One of the most important things I can teach you is to help you learn how to deal with big feelings without resorting to destructive behavior or violence. Everyone on the planet will experience loss, disappointment, grief, heartbreak, betrayal, etc. Tools to deal with these feelings: counseling, journaling, art, music, exercise, meditation, breathing exercises, yoga, being in nature, talking with friends, joining a support group, movement like dancing or skating, singing, acting, anthropomorphic dialogue with your emotions, naming your emotions and describe how they physically feel in your body. Asking the emotion what it needs you to know.


1Infant-20



Sometimes big stuff happens. Big good, big bad, big change. It will take some time to adjust. Maybe a month, a season, a semester or maybe a year or longer. Gear up. Psych yourself up for a difficult day/month/year. You can do this. Stay present, don’t get ahead of yourself or get bogged down in what’s done. “What if?” and “if-only’s” are not your friends. Be good to yourself and be good to others. Rest, nourish, create, have fun and keep the faith.


15, 21



You tackled a big project and you're wondering if it will be a success. Ask yourself: "Was I fair?" Was I kind?" " Did I put in the work?" If the answer is yes, then rest well, no matter what the outcome.
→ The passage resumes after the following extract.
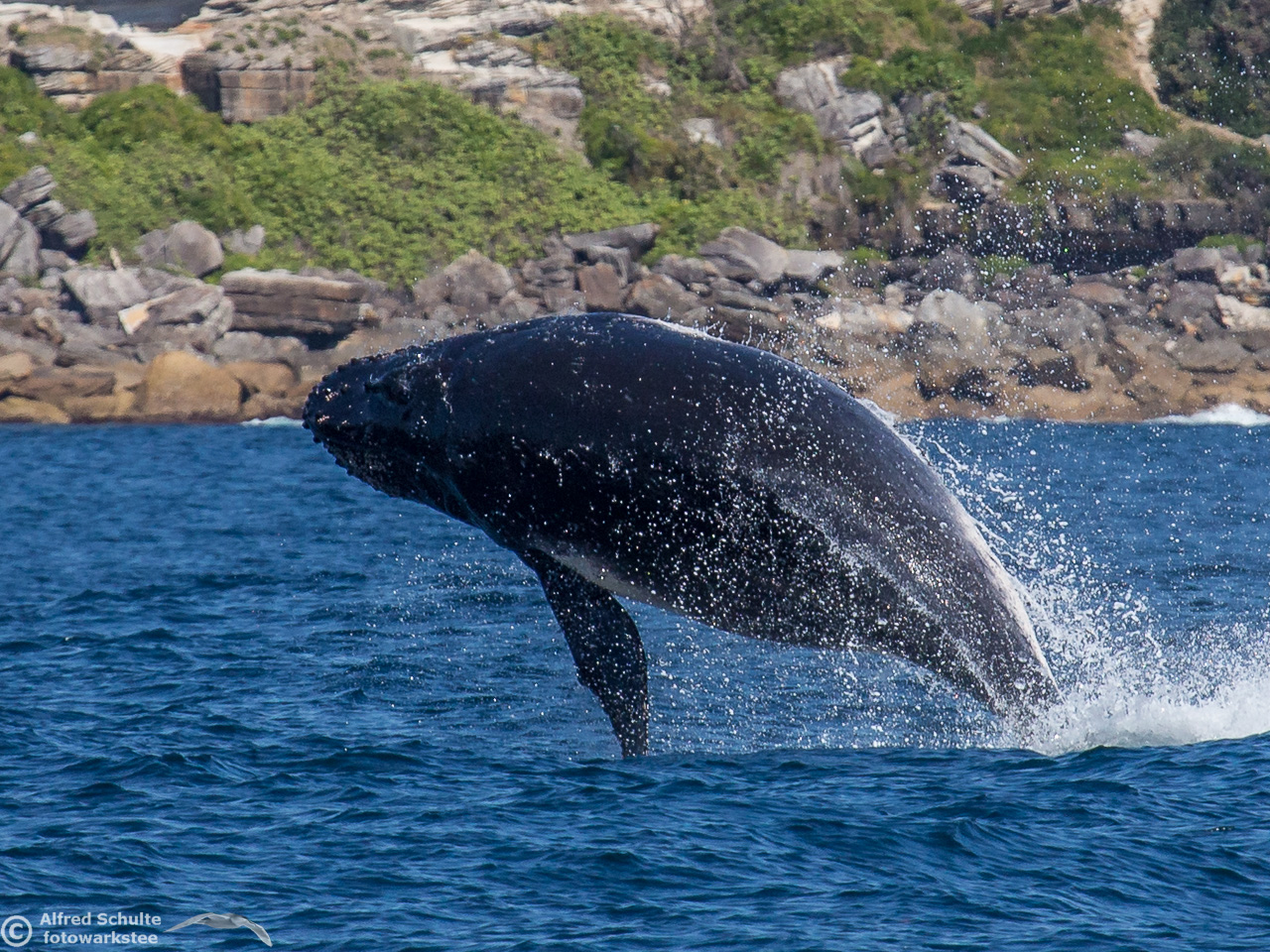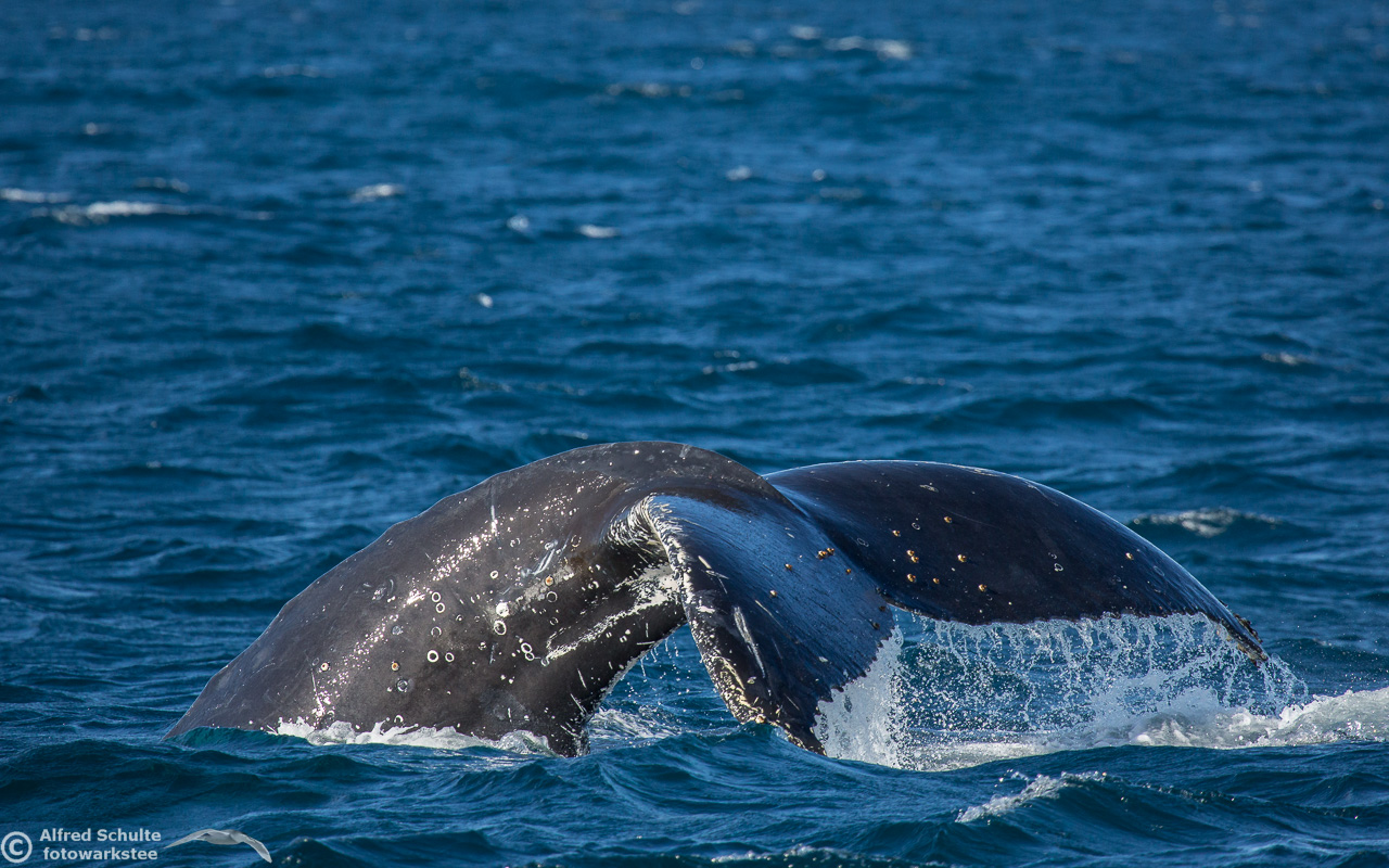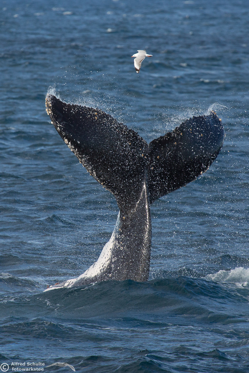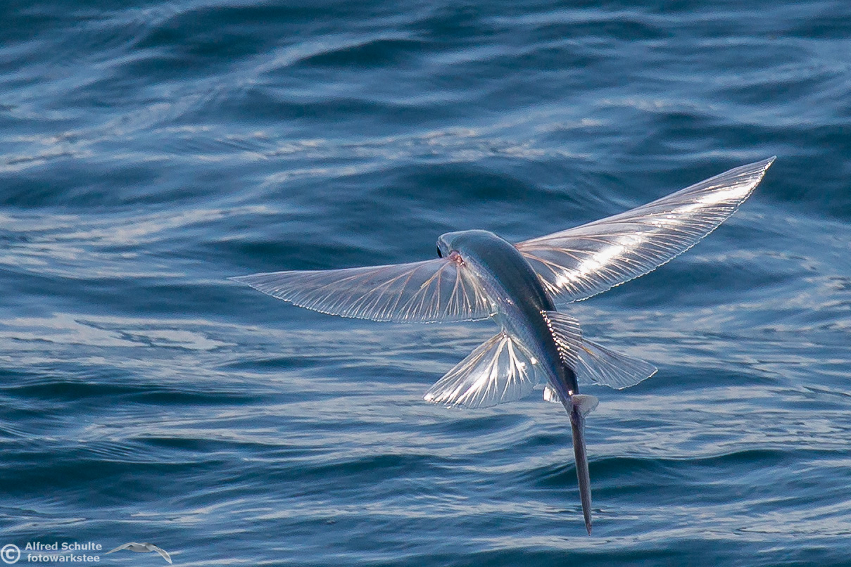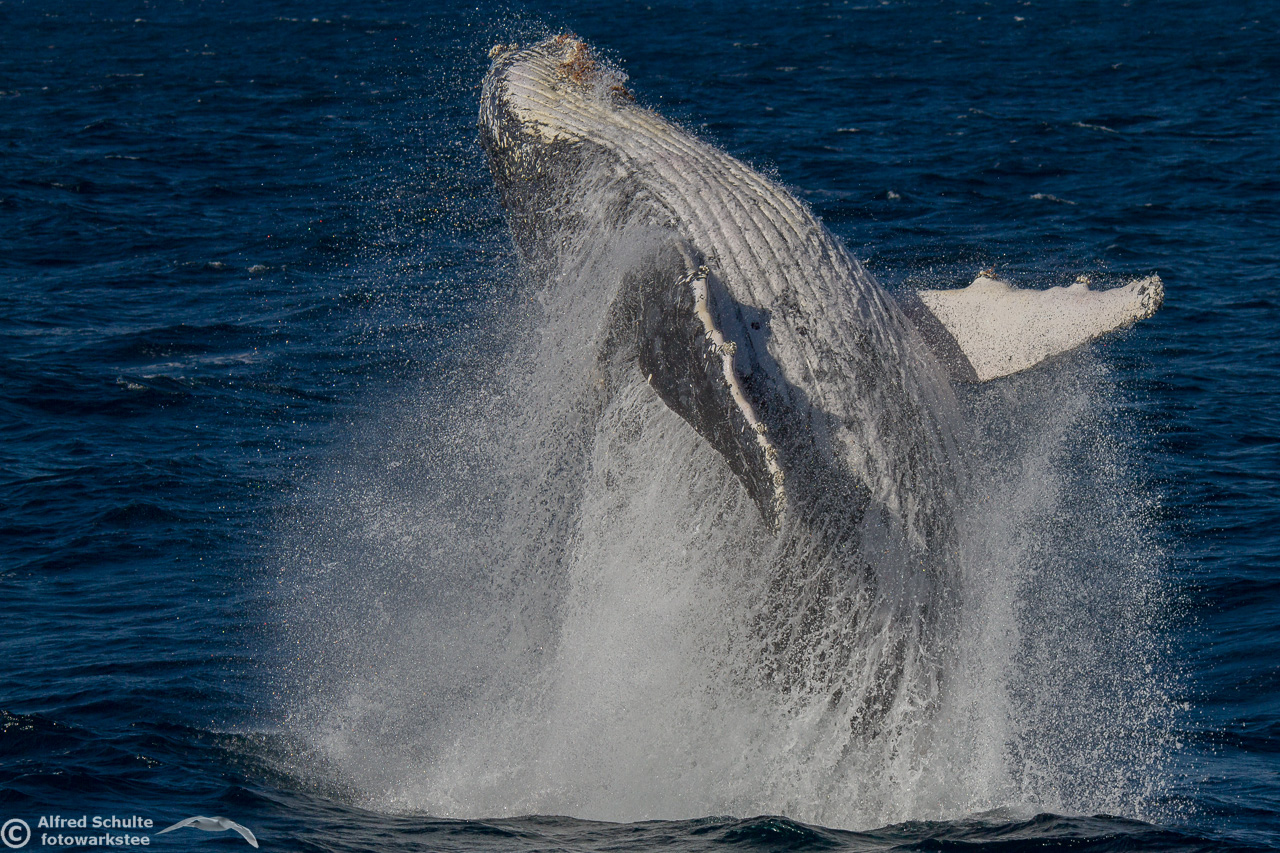 From August up to early December they return and we then see also the calves which were borne earlier off the coast of North Queensland. I have seen a number of these incredible creatures by now, but it is still an unbelievable moment when these giants of the sea breach and come almost entirely out of the water. And when you are watching the whales there is always a bit of "by-catch" like Dolphins and Flying Fish.

If the answer is no, go back and fix it.


17



You think you’re smart now but just wait. Your brain is just getting warmed up. Feed it: books, travel, music, mushrooms.


14, 17, 21



Remember Mom's birthday


2-21



Always wear an undershirt underneath a dress shirt.


13



The things we invite to protect us take their job seriously. They will not abandon the watch without a fight to the death. So be careful, very careful about what u invite as armor. Please don’t place your trust in drugs, alcohol, food, gambling, working, disconnecting, etc. Put your trust in that which is creative, honest, loving, beautiful, interesting, inspiring, challenging or peaceful. These things make much better bodyguards, and they will never turn on you.